Fig. 5Validation of NGS of HIV-1 single genome amplicons. Ten env amplicons from participant “J” were subject to Sanger capillary sequencing and NGS. To ease visualization, the highlighter plot is shown, where each sequence was compared to the consensus of the participant, and differences from the consensus are denoted with color-coded tic marks using the LANL Highlighter convention (i.e., green = A, blue = C, orange = G, red = T, and gray = deletion) [13]. Each cognate pair shows identical patterns indicating 100% concordance between the two techniques.

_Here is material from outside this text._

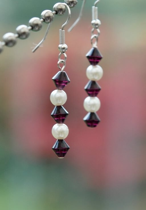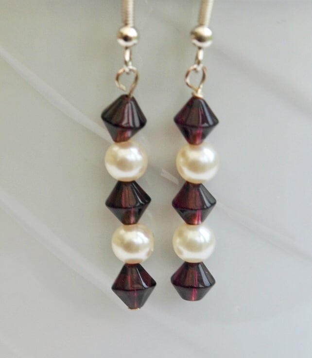 These pretty dangly earrings feature faux pearls and ruby crystal bicone beads suspended from silver-plated ear-hooks. They catch the light beautifully and would be great for parties - perfect as a Christmas stocking filler.

Fig. 6Field test of NGS of HIV-1 single genome amplicons. 101 env amplicons from 10 HIV-1 infected individuals were subject to NGS sequencing. A) the phylogenetic tree shows separate clustering of sequences from each individual, supported by 100% bootstrap values. The 10 sequences from participant “J” that had been used in the assay validation are shown in grey. HIV-1 reference sequence HXB2 is depicted. B) Highlighter plot of sequences from each participant show different within-individual diversity profiles, ranging from highly homogeneous (e.g., participant “B”) to more diverse (e.g., participant “D”). Color-coding is as in Fig. 5. The 10 sequences from participant “J” that had been used in the assay validation are depicted by the grey bar. C) Pair-wise sequence diversity within each participant.
Fig. 7Scale up of NGS of HIV-1 single genome amplicons. 43 different env amplicons used in the assay validation were multiplexed using distinct barcodes were run together on a 318 chip v2 BC. The top panel shows the loading efficiency and run metrics. The bottom-left graph shows the per-base coverage for each sequence, represented by a different line color and the bottom-right graph summarizes the statistics of the 43 sequences. The dotted line indicates 50x coverage.